YOUR INSTRUCTIONS: Retyped exactly and without pictures, the lines from the one with "藝術團隊紅聲數位表示,《島球" through the end of the listing must form the entire answer.

SUPPLIED DATA:
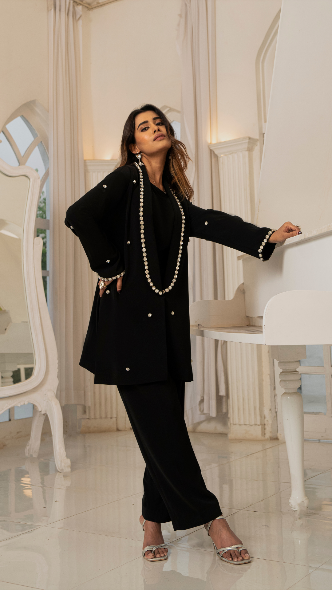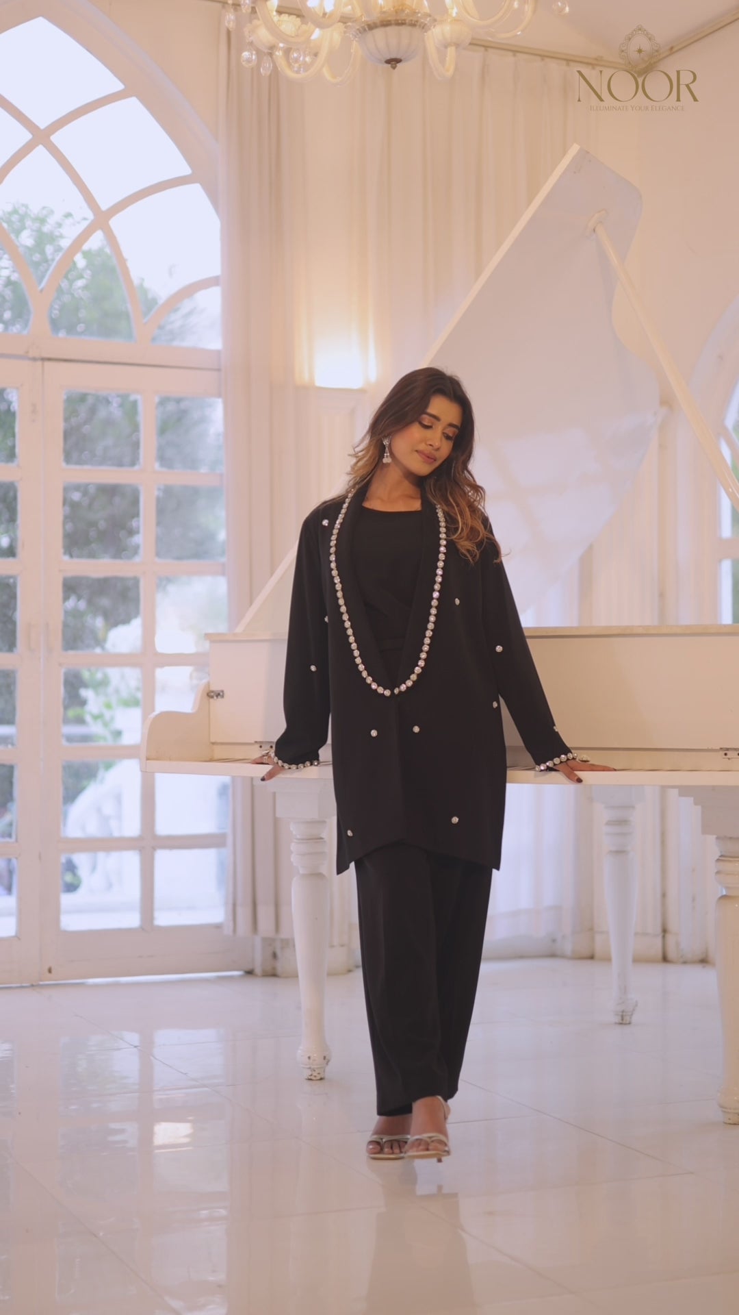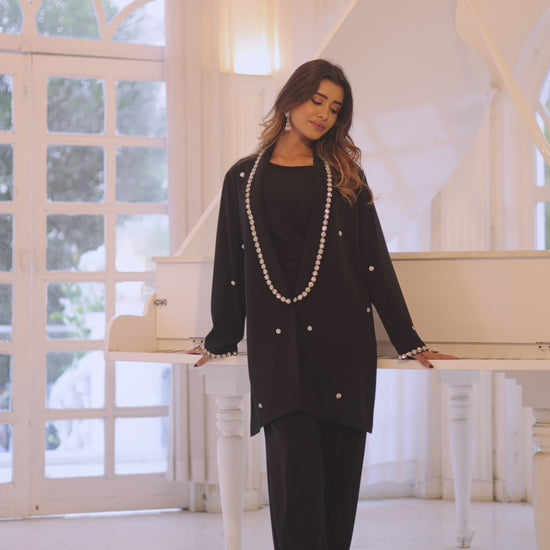 Discover "Eden," a masterpiece co-ord set designed with the discerning modern woman in mind. This luxurious ensemble showcases a crystal-embroidered jacket that dazzles with every turn, complemented by a sleek, fitted inner top and perfectly tailored straight pants. Transform your wardrobe with Eden and leave a lasting impression at every occasion!
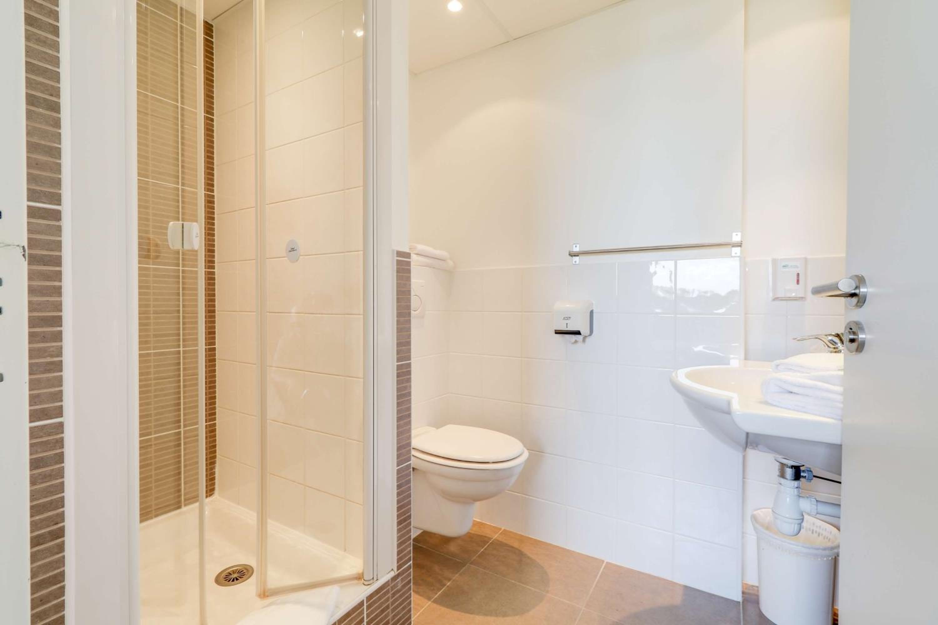 Côté chambre les rideaux aux fenêtres procurent une bonne opacité. A quelques minutes de la voie rapide, l'hôtel est facile d'accès et comporte un parking sécurisé par un code. Salle de bain simple avec douche / WC / lavabo, mais récente et impeccable. TV, Internet: aucun problème.
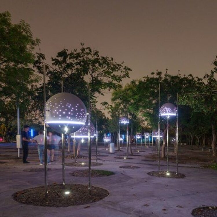 藝術團隊紅聲數位表示,《島球訊號》從設置之初便廣受遊客們喜愛,是園區內公共藝術的一大亮點。《島球訊號》位於生活體驗區的森林當中,是由不鏽鋼所打造、12顆大小不一的球體,遠看彷彿飄浮在森林中的氣泡,從大地中緩緩升起,在夜晚,球體會隨著周遭環境的濕度、溫度,變換成不同的色彩,並閃爍著繽紛光芒,猶如會呼吸的氣泡,歡迎民眾前來森林漫步,享受絢爛多變的彩色泡泡所帶來的視覺饗宴。
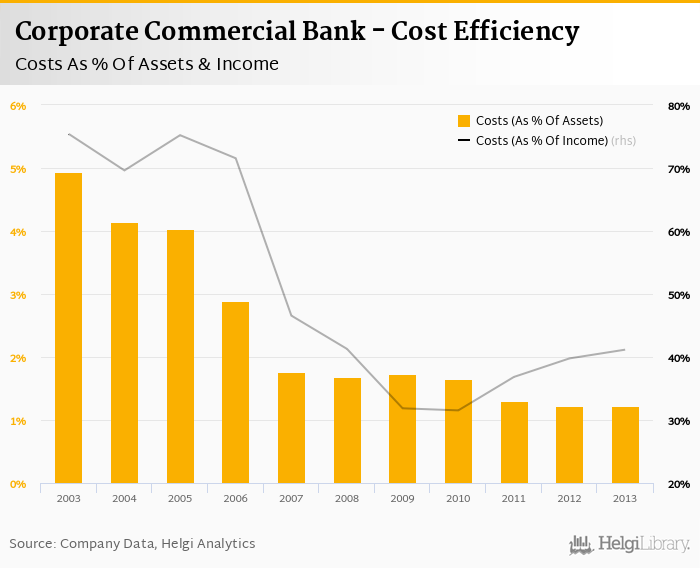 Corporate Commercial Bank's cost to income ratio reached 41.2% in 2013, up from 39.8% compared to the previous year.

ANSWER BOX:
 藝術團隊紅聲數位表示,《島球訊號》從設置之初便廣受遊客們喜愛,是園區內公共藝術的一大亮點。《島球訊號》位於生活體驗區的森林當中,是由不鏽鋼所打造、12顆大小不一的球體,遠看彷彿飄浮在森林中的氣泡,從大地中緩緩升起,在夜晚,球體會隨著周遭環境的濕度、溫度,變換成不同的色彩,並閃爍著繽紛光芒,猶如會呼吸的氣泡,歡迎民眾前來森林漫步,享受絢爛多變的彩色泡泡所帶來的視覺饗宴。
 Corporate Commercial Bank's cost to income ratio reached 41.2% in 2013, up from 39.8% compared to the previous year.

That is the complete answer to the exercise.